Passage
Let your eyes be on the field which they reap, and go after them. Indeed, I have commanded the young men not to touch you. And if you are thirsty, go to the water jars and drink from what the young men draw.”
Let your eyes be on the field which they reap, and go after them. Indeed, I have commanded the young men not to touch you. And if you are thirsty, go to the water jars and drink from what the young men draw.”
Ruth 2:7 And she said, ‘Please let me glean and gather after the reapers among the sheaves.’ Thus she came and has remained from the morning until now; she has been sitting in the house for a little while.”
Ruth 2:8 Then Boaz said to Ruth, “Have you not heard, my daughter? Do not go to glean in another field; furthermore, do not go on from this one, but stay here with my young women.
Ruth 2:9 Let your eyes be on the field which they reap, and go after them. Indeed, I have commanded the young men not to touch you. And if you are thirsty, go to the water jars and drink from what the young men draw.”
Ruth 2:10 Then she fell on her face, bowing to the ground and said to him, “Why have I found favor in your sight that you should take notice of me, though I am a foreigner?”

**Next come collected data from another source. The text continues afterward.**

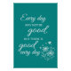 A calming and hopeful message for life’s ups and downs. This minimalist teal-and-white poster features the uplifting quote “Every day may not be good, but there is good every day,” presented in elegant script typography with delicate floral line art. Perfect for encouraging mindfulness and gratitude, this inspirational wall art brings warmth and positivity to any space. Ideal for bedrooms, living rooms, offices, classrooms, therapy rooms, or meditation spaces. It also makes a thoughtful gift for friends, loved ones, or anyone who appreciates daily encouragement. • Clean black background with white lettering • Elegant script and modern typography mix • Soft floral illustration for a peaceful feel • Meaningful gift for any occasion A gentle reminder to find the good—every single day.
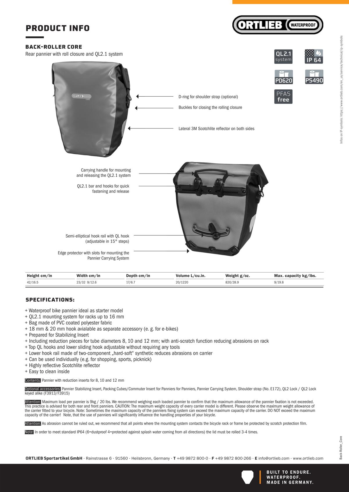 Kétoldalas csomagtartó táska. Magasság: 42 cm. Szélesség: 32 cm. Mélység: 17 cm. Térfogat: 20 L. Teherbírás: 9 kg. Súly: 820 g. Rögzítés csomagtartóra: Quick-Lock2.1 rendszerrel. A Back-Roller Core belépőt kínál a hátsó kerékpártáskák világába anélkül, hogy kompromisszumot kellene kötni a teljesítményben. A Back-Roller Core a Back-Roller táskák között az alap, mégis 100%-ban vízálló. Robusztus poliészter anyagának köszönhetően nemcsak hosszabb kerékpártúrákra alkalmas, hanem a mindennapi városi ingázáshoz is ideális.
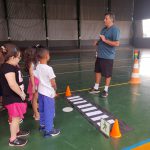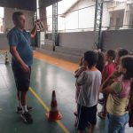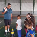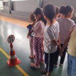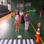 Os alunos da professora Myrla participaram da atividade na rota da vida no trânsito com o professor de Educação Física: Leandro, o qual explicou o significado das placas, seu uso de forma correta, o respeito ao próximo, etc.
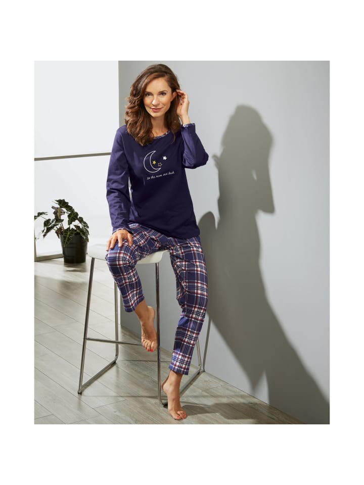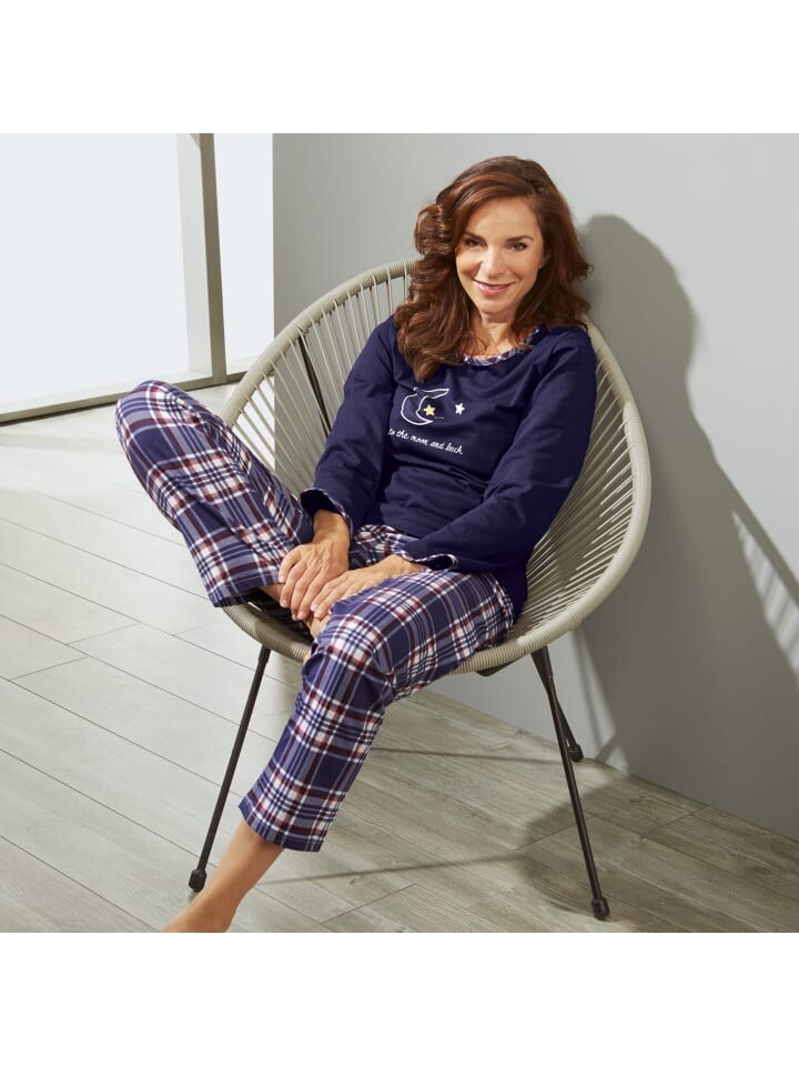 Женская пижама из одинарного джерси Erwin Müller. Сочетание любовного принта, простой и классической клетки выглядит современно и непринужденно. Окантовка горловины и рукавов топа идеально сочетается с длинными брюками с притачным эластичным поясом, кулиской и боковыми карманами. Вы будете рады побаловать себя приятным качеством, мягкостью, хорошей посадкой и комфортом. Приятная вещь, приятная для кожи и дышащая.

Ruth 2:11 Boaz replied to her, “All that you have done for your mother-in-law after the death of your husband has been fully told to me, and how you forsook your father and your mother and the land of your birth, and came to a people that you did not previously know.
The verse centers on "eyes", "field", "reap", "after", "indeed", "commanded", "young", and "touch". It is saying that the verse draws attention to "eyes" and "field", so its meaning should be read from those terms before moving to application.
The nearby context moves from verse 8's "Then Boaz said to Ruth Have you..." into verse 10's "Then she fell on her face bowing...", so "eyes" and "field" belong inside that flow. In Ruth context, the local focus is covenant, worship, and faithfulness.
A plain takeaway is to answer the verse's own emphasis on "eyes" and "field" with trust shaped by these words, not by a vague optimism outside the passage.